The Replicant project sometimes needs to take decisions. The decisions are currently taken by the steering commitee.

It would be better to include more people in it to make the decisions more horizontal:
  • It would remove the single points of failure on the few people that are there
  • The decisions would be better as more point of views would automatically be taken into account
  • Potential individual bias could be smoothed out by having more people taking decisions.

Challenges

The main issues with a more horizontal governance in Replicant are:
  • To ensure that the decisions being taken are informed decisions
  • The Replicant project doesn't become a nonfree distribution

Examples

Project governance can work in completely horizontal way, however to do that projects typically need to implement some rules1.

Examples:
  • Some free software projects require to follow meetings or pay a membership to be able to vote.
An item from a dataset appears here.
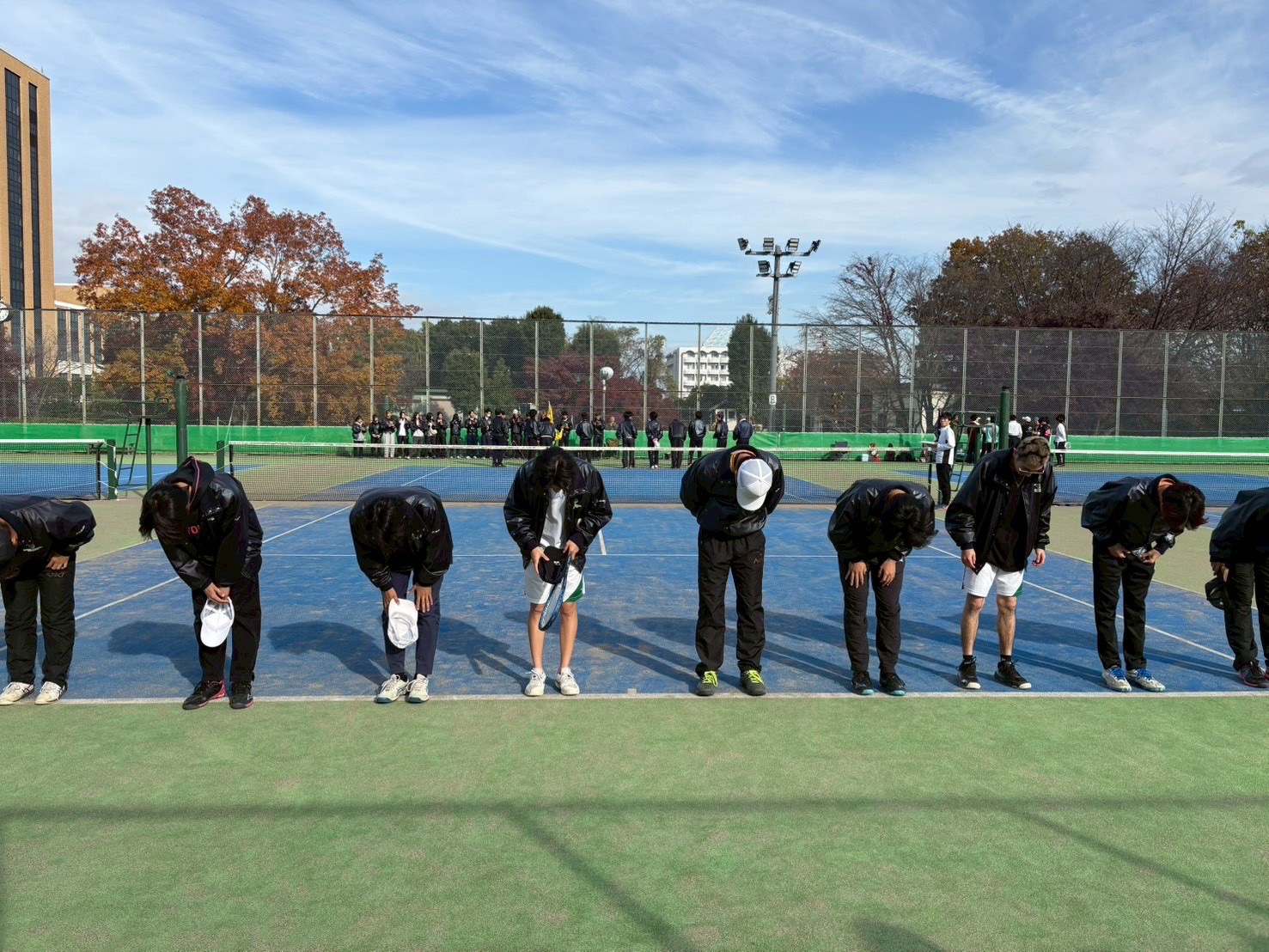 ▲試合後、ベンチメンバーと応援陣に頭を下げる男子チーム(提供:ソフトテニス部)

The goal behind that is to avoid taking uninformed decisions.
  • Events organization projects do manage to take very well informed decisions in a very efficient and fast way2.

Good practices

Explain any project decision

The decision we take impact the whole Replicant community and potentially beyond as well. So it's a good practice to explain why a decision was taken.
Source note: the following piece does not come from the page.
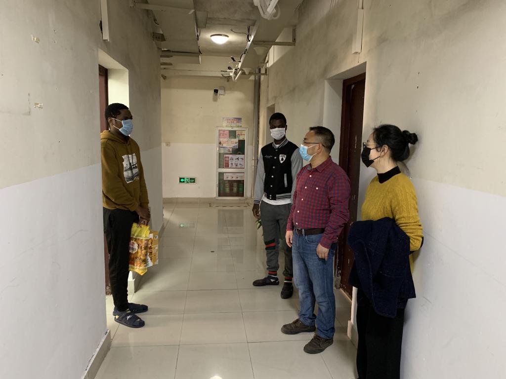 3月16日,国教学院院长赵有华、学生工作负责人在辅导员和国际交流协会成员的陪同下看望境内返校隔离国际学生,了解隔离生活情况,安抚紧张情绪,并送上慰问品。

For instance if we decide not to support devices with non-replaceable battery we need to explain the rationale behind that very clearly, this way people can understand the rationale and challenge it if necessary. For instance the Minimal-requirements explain why this choice was made.

Not doing that could be very violent for people directly affected by the decision, as they would probably feel that the decision is imposed on them in an arbitrary way, when in reality the Replicant had to do it for the reasons stated (which can be challenged).

It's also a good practice to add the rationale with the decision as people are sure not to miss it and understand the decision better.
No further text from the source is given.